Overall, epigraHMM showed the highest observed sensitivity among all DPCs while maintaining an observed FDR close to the nominal value across a wide range of nominal FDR levels (Figure 2). Here, the observed FDR is the proportion of windows incorrectly called as differential out of the total number of windows called as differential. Due to the excessive number of false positive DPCs, diffReps, RSEG, and THOR showed higher observed FDR levels than the nominal FDR values (Figure 2). Overall, diffReps and THOR called an excessive number of short and discontiguous peaks while RSEG called regions that were usually wider than the simulated differential peaks and did not correspond to simulated differential enrichment (Figure 2). Regarding the computation time, epigraHMM was among the fastest DPCs due to the efficient RCEM implementation (Figure 2). Other HMM-based algorithms, RSEG and THOR, appeared to be the most computationally intensive and required longer amounts of time to analyze the data. In general, epigraHMM was able to consistently cover most of the true differential regions with broad peaks while exhibiting a limited number of false discoveries (Figure 2; online Appendix C2). Results shown for RSEG do not include 27 cases in which the algorithm failed to analyze the data due to internal errors or called the entire genome as differential. Similar issues of RSEG have been reported by others (Starmer and Magnuson, 2016).

Sequencing read-based simulation from the csaw pipeline. (A) average observed sensitivity and FDR for various methods. (B) Scatter plot of average ratio of called and simulated peaks (y-axis) and number of called peaks intersecting true differential regions (x-axis). (C) Box plot of computing time (in minutes) for various algorithms. (D) An example of DPCs under a nominal FDR control of 0.05. Shaded areas indicate true differential peaks. This figure appears in color in the electronic version of this article, and any mention of color refers to that version.
5 Application to Encode Data
We applied epigraHMM on ChIP-seq data from the ENCODE Consortium to detect differential peaks of several epigenomic marks across multiple cell lines.
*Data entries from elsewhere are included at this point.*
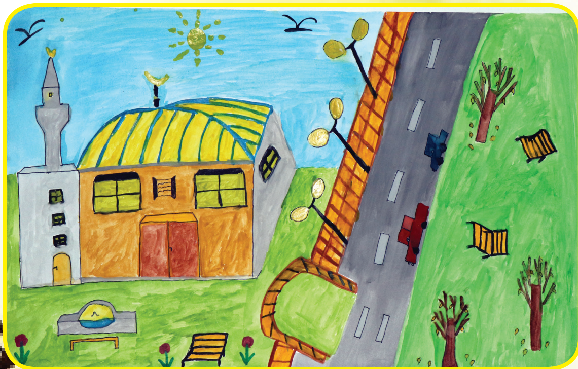
Гюлшен Караали, Районно мюфтийство-Разград
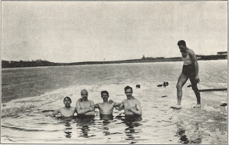
Roskilde Højskoles Vikinger 1931—32.
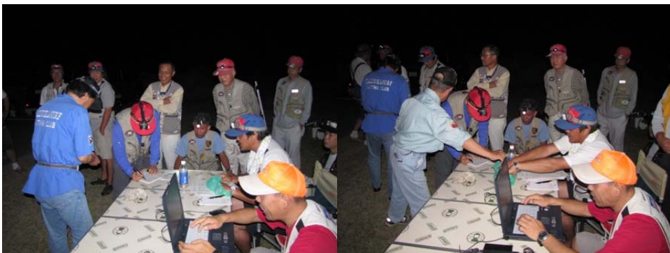
クラブ混合キスとの名のように抽選にて当日団体チームを決定いたします。
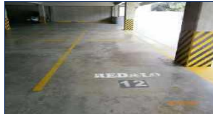
Vista de estacionamientos.
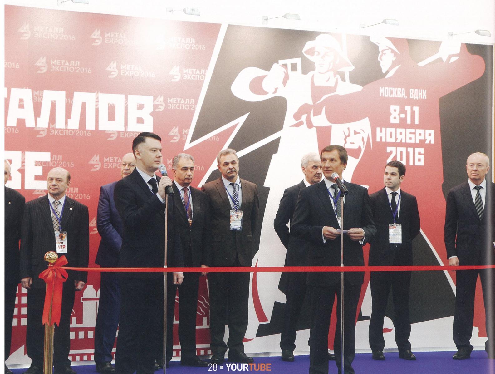
Подписание соглашения между ТМК и компанией «Металлоинвест» на поставку ГБЖ

Традиционно ТМК большое внимание уделила своему стенду. Он был украшен баннерами с фотографиями рабочих
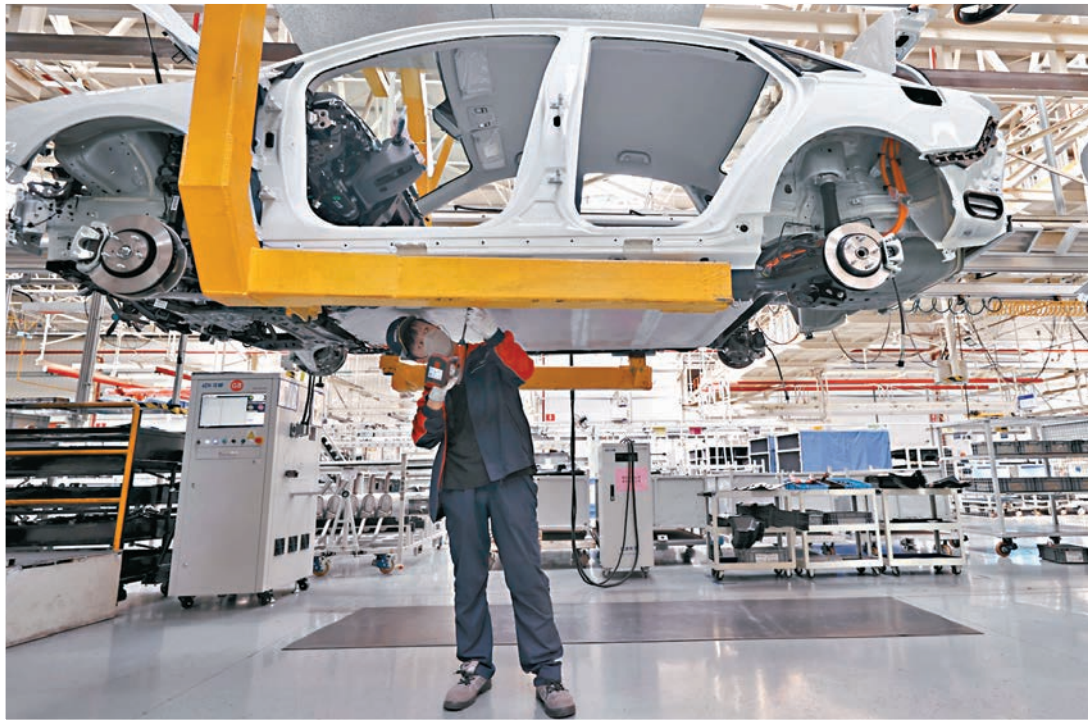
上月財新中國製造業PMI升至近兩年高位
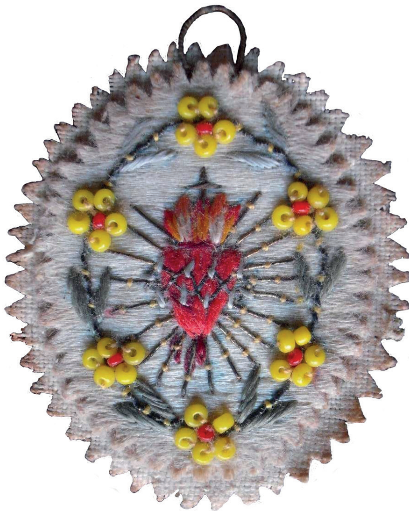
2. kép: Hímzett Jézus Szíve nyakék, 20. század eleje. A szerző tulajdona.
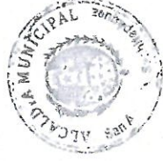
Edgar Mauricio Ovalle Siguán Alcalde Municipal
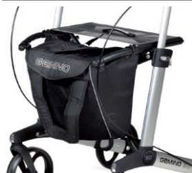
// 7104006 (1) & 7104007 Bolsa Advance con tapa y asas negra
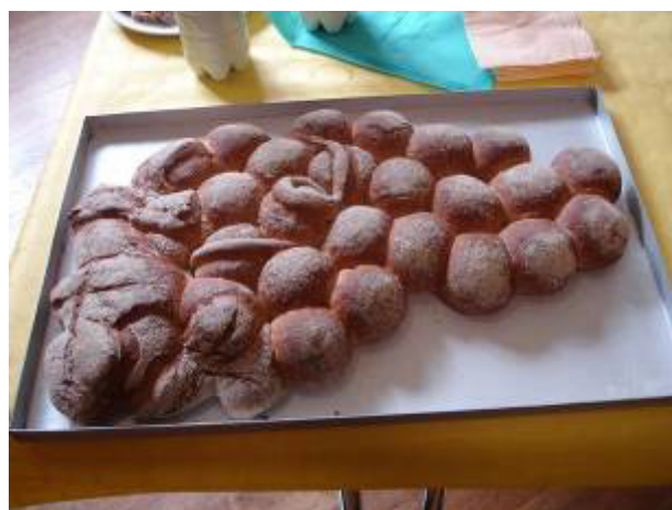
Les produits de la ferme NEFF et le pain fabriqué par le boulanger LANG Gaby
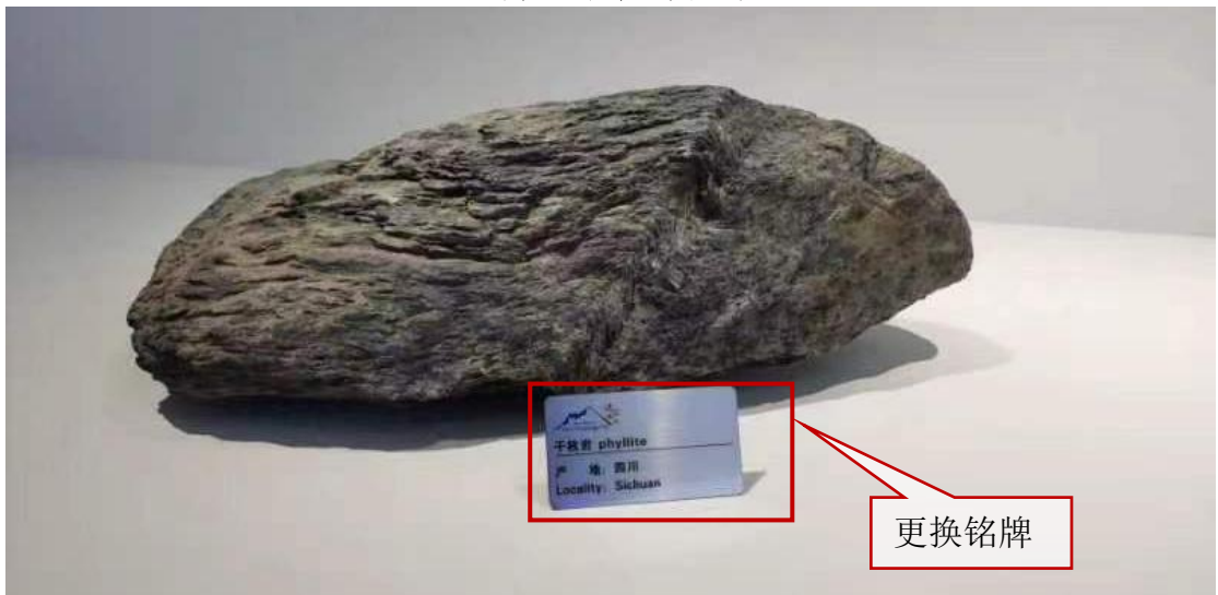
照片 5 岩石标本
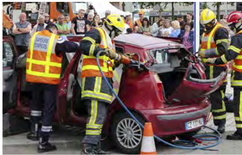
Démonstration publique, place de la mairie

Trois jours consacrés à la sécurité routière et aux gestes de premiers secours étaient organisés sur la commune les 2, 3 et 4 juin dernier. Afin de toucher toutes les générations, des ateliers et des démonstrations étaient proposés aux élèves du collège Jean Macé et aux seniors du Club Ambroise Croizat, durant lesquels ils pouvaient découvrir les bons gestes pour sauver une vie et ceux pour prévenir les accidents. Pour le public, une simulation de prise en charge par les pompiers d'un accident, avec désincarcération d'un blessé, divers stands, simulateur de conduite, sécurité sur chantier routier, présentation des véhicules de pompiers, étaient mis en scène sur la place de la mairie le samedi matin.

We analyzed data characterized by broad peaks (H3K36me3, H3K27me3, and EZH2; Section 5.1) and short peaks (CTCF, H3K27ac, and H3K4me3; Section 5.2). Two isogenic replicates of each cell line were used in the analysis. Using RNA-seq data, we assessed the practical significance of our results by associating the detection and classification of differential combinatorial patterns from called peaks with gene expression (Section 5.3; online Appendix D1).
We compared the genome-wide performance of epigraHMM with ChIPComp, csaw, DiffBind, diffReps, RSEG, and THOR. For two-step DPCs, ChIPComp and DiffBind, we used peak calls from MACS2 as candidate peaks (Zhang et al., 2008). Methods were compared in terms of the coverage of differentially enriched genes, the number and average size of DPCs, the log2 fold change (LFC) and Spearman correlation of log2 reads counts mapped onto DPCs, the computation time, and maximum memory utilized. Metrics for sensitivity and specificity were defined on the window level and based on the coverage of differentially enriched genes by called peaks (online Appendix D1). Read counts were computed using non-overlapping windows of 500 and 250 bp for broad and short marks, respectively (see online Appendix D2 for a discussion on window size). Results presented here pertain to the analysis of cell lines Helas3 and Hepg2 (see online Appendix D3 for additional results). Analyses were adjusted by input control samples in methods that are designed to do so (ChIPComp, DiffBind, diffReps, and THOR). We did not observe a significant improvement in performance by accounting for input control effect or GC-content bias with epigraHMM and did not adjust our analyses for these effects (online Appendix B1).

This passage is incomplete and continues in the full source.